The grill master has to however pay full attention – the meal could be ruined if the person cooking over an open flame doesn’t take into account the temperature of the fire, and adjust the positioning of the various items being cooked.
In the collection below are ideas for breakfasts, lunches and dinners, that use meats ranging from beef, to pork, chicken, venison and alligator. Bread is very important as a staple, so this collection has a number of open-flame bread recipes from around the world that can easily be mastered.
Then, we come to arguably the most pleasing part of the meal – the dessert. Even though most families don’t have dessert every night in a bid to curb sugar consumption, somehow when people are outdoors, they crave sugar.
Perhaps it’s all that extra energy they are using, added to the fact there won’t be much candy around, so indulge them with some of the easy open-flame desserts.
Campfire Southwest Scrambled Eggs
Scrambled eggs with a little milk and some salt come out fluffy, and are great for the kids, but maybe adults want a little more zing with red capsicums, onion and even a jalapeno or two if you like heat.
To complete the meal, add baby tomatoes and southern potato hash. Get the recipe here.
Breakfast Oats with Cinnamon Baked Apple and Maple Syrup
Get the fire going, and enjoy the warmth as you enjoy mugs of hot tea or coffee. Bake the apples in foil while you do the oats in a skillet. Get the recipe here.
Campfire French Toast
This recipe uses a whole sliced loaf of white bread, which should feed a whole lot of happy campers. Soaked in a sweet egg mix and wrapped in foil, and placed over the campfire until the egg is cooked and the bread lightly toasted.
Served with maple syrup and sliced strawberries or with whatever suitable fruit (like bananas, blueberries or peaches) you have on hand. Get the recipe here.
Campfire Skillet Breakfast
When you’re camping it’s a bit of a schlepp trying to get the eggs over easy, the bacon to the rights crispness and the hash browns all coordinated over a campfire, especially when there are a lot of people to serve.
This one-skillet meal has it all – bacon, potatoes, onions, eggs and topped off with melted cheese. Yes, please! Get the recipe here.
Hawaiian Chicken Bacon Pineapple Kebabs
There is something about the sweet tart bite of pineapple that goes exceptionally well with the salty richness of bacon in these chicken kebabs. It doesn’t require too much effort to craft sublime tasting colorful kebabs that use red capsicums (peppers) and red onion.
Once done, smother them in a tangy barbecue sauce redolent with garlic, and you have a winner. Get the recipe here.
Bacon Vegetable Kebabs
Instead of making a hot side dish (which may not be possible if you are camping), and relying on one fire, cook your vegetables on skewers. Now, we all know they can get a little bland, so jazz up the taste with bacon inserted between to keep them moist and tasty.
Mushroom, capsicum, onion, chunks of pumpkin with the skin on, squash… there are heaps of vegetables to choose from.

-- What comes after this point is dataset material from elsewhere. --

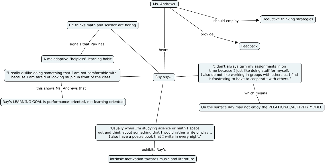 This Concept Map, created with IHMC CmapTools, has information related to: Nelson_Ray_Module 2.2, "I don’t always turn my assignments in on time because I just like doing stuff for myself. I also do not like working in groups with others as I find it frustrating to have to cooperate with others." which means On the surface Ray may not enjoy the RELATIONAL/ACTIVITY MODEL, Ms. Andrews hears Ray say..., Ms. Andrews provide Feedback, "I really dislike doing something that I am not comfortable with because I am afraid of looking stupid in front of the class. this shows Ms. Andrews that Ray's LEARNING GOAL is performance-oriented, not learning oriented, Ms. Andrews should employ Deductive thinking strategies, He thinks math and science are boring signals that Ray has A maladaptive "helpless" learning habit, "Usually when I’m studying science or math I space out and think about something that I would rather write or play... I also have a poetry book that I write in every night." exhibits Ray's intrinsic motivation towards music and literature, Ray say... ???? "I really dislike doing something that I am not comfortable with because I am afraid of looking stupid in front of the class., Ray say... ???? "Usually when I’m studying science or math I space out and think about something that I would rather write or play... I also have a poetry book that I write in every night.", Ray say... ???? He thinks math and science are boring, Ray say... ???? "I don’t always turn my assignments in on time because I just like doing stuff for myself. I also do not like working in groups with others as I find it frustrating to have to cooperate with others."

And when the meat is done, the skewers of vegetables should be too, and can be served at the same time, so you don’t have to fuss over whether your side-dish is being kept warm. Get the recipe here.
Koftas – Turkish Lamb Kebabs
Lamb and veal ground meat is used in this recipe. The impressive part is they take around 30 minutes from preparation to having them on your plate.
I have always been impressed with the way koftas are formed around the stick instead of being threaded on – and they do taste delicious! Get the recipe here.
Steak Kebabs with Vegetables
Juicy pieces of tender marinaded sirloin steak are combined with red and green capsicums. Get the recipe here.
Fish and Bacon Kebabs
After a successful fishing trip take some of the bounty, wrap the filleted pieces in bacon, and thread the chunks onto skewers– the bacon keeps the delicate flesh of the fish from falling off the skewer so you can enjoy the best of surf and turf. Get the recipe here.
Satay Beef Skewers
In this recipe the rump steak is cut into long strips and threaded onto the skewers rather than cut into small blocks making this a much easier way to do the skewers. Serve with a spicy sauce. Get the recipe here.
Fire Roasted Vegetables on the Grill
When roasted over an open flame the char imparts a delightful smoky flavor to certain vegetables. If you are making relishes and salsas then you may need to sweat the vegetables in a Ziploc bag for a while so it’s easy to remove the skins.
If, on the other hand you are making a hot roast veg salad then you can skip the sweating and simply chop the vegetables when they’re cool enough to handle. Get the recipe here.
Foil wrapped grilled Butternut Squash
Opening the parcels after cooking butternut in foil on the grill is like opening presents – you have an idea but are not quite sure what you’re getting. I love it slightly caramelized!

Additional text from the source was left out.